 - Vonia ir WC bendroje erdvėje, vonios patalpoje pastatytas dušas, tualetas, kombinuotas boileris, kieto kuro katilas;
* * *
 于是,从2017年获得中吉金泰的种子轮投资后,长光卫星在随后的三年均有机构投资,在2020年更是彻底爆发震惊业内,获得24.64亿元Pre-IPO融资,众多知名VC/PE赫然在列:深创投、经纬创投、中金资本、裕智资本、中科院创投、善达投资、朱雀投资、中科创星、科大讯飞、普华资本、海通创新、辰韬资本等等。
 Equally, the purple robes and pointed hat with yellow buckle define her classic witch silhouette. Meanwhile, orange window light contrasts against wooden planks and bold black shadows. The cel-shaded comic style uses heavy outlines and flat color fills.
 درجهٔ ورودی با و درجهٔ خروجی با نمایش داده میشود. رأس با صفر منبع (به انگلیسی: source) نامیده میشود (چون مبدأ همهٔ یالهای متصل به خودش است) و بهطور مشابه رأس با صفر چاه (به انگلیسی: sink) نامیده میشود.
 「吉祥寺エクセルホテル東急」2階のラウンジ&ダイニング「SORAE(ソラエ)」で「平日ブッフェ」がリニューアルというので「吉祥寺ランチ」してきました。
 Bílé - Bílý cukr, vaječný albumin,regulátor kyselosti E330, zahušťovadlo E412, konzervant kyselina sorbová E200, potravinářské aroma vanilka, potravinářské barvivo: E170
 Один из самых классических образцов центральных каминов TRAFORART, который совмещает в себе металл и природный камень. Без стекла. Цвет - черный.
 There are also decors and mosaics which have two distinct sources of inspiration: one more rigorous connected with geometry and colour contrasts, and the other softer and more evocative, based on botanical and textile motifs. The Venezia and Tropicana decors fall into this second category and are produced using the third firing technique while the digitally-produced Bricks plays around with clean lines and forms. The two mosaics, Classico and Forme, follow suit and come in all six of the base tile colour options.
...
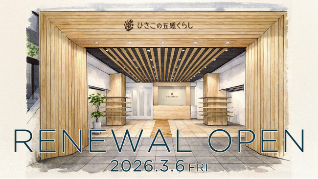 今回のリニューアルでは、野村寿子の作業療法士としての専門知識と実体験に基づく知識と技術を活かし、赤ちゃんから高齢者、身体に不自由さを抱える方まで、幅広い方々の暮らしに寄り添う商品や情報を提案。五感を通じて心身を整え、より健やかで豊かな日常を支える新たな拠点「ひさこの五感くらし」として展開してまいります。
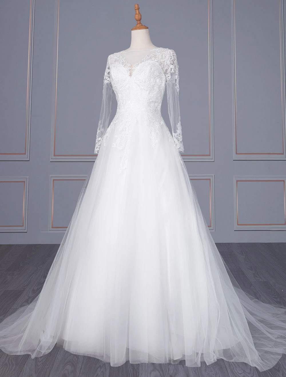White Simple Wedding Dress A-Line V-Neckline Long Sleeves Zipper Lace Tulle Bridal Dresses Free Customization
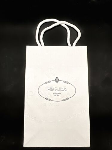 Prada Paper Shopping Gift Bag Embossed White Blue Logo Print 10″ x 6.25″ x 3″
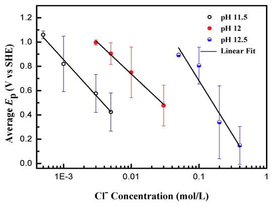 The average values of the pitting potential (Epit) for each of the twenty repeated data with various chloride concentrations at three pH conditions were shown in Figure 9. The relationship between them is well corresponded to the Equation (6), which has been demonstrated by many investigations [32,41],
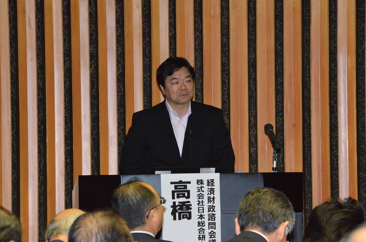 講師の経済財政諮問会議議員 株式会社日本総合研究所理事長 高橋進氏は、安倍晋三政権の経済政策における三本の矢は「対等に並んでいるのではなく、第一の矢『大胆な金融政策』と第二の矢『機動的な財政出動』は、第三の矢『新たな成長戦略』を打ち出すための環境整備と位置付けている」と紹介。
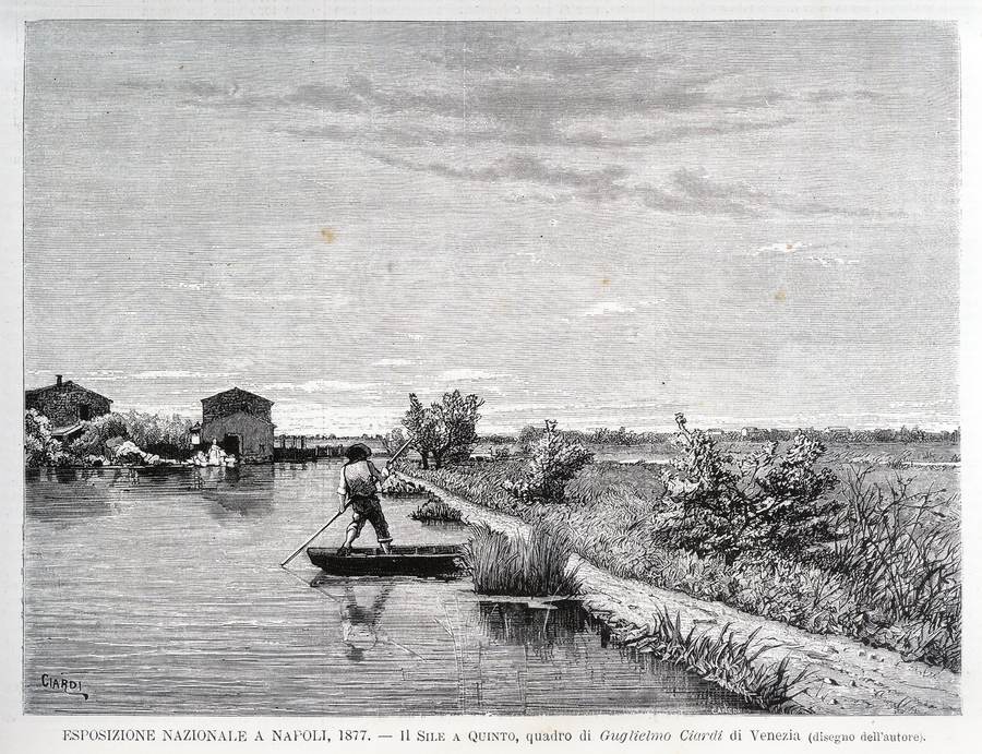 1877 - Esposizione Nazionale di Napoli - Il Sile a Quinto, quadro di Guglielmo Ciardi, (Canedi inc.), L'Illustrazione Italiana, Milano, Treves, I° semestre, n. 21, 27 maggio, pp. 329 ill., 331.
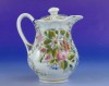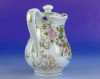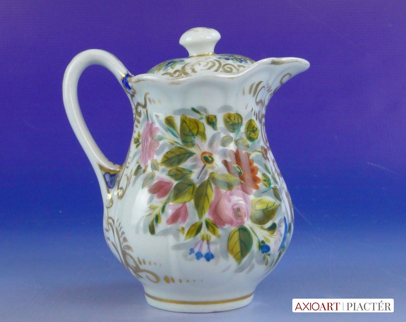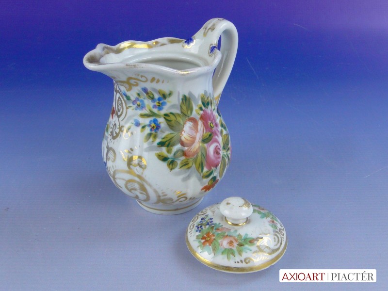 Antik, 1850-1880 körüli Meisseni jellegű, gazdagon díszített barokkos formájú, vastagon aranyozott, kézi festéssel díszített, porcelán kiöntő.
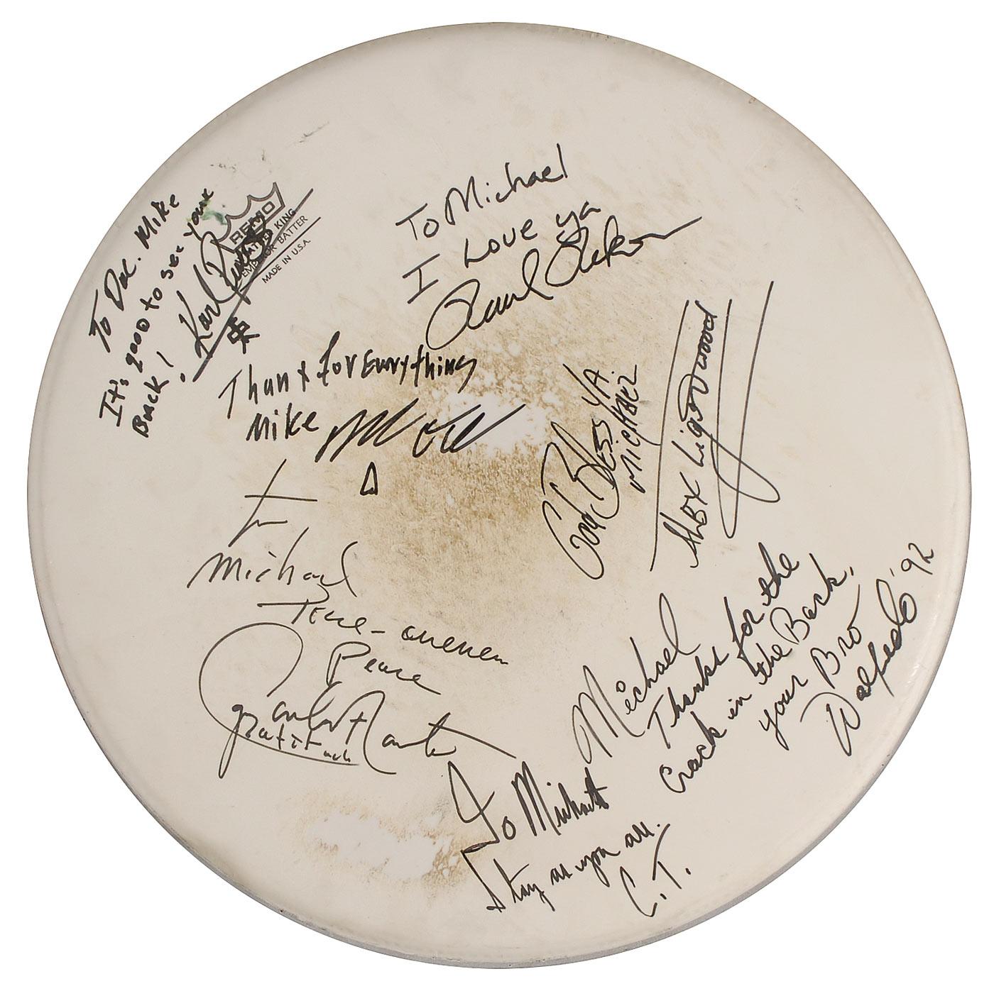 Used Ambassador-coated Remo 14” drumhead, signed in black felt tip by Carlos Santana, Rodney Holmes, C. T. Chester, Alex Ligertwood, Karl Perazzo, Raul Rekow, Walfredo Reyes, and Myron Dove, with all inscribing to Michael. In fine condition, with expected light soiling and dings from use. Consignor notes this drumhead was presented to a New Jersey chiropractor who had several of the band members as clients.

* **Your instructions**
In the listing above, find the line with "Один из самых" and the line with "There are also". Output those two lines and every line between them, exactly as written.

* **Solution below**
 Один из самых классических образцов центральных каминов TRAFORART, который совмещает в себе металл и природный камень. Без стекла. Цвет - черный.
 There are also decors and mosaics which have two distinct sources of inspiration: one more rigorous connected with geometry and colour contrasts, and the other softer and more evocative, based on botanical and textile motifs. The Venezia and Tropicana decors fall into this second category and are produced using the third firing technique while the digitally-produced Bricks plays around with clean lines and forms. The two mosaics, Classico and Forme, follow suit and come in all six of the base tile colour options.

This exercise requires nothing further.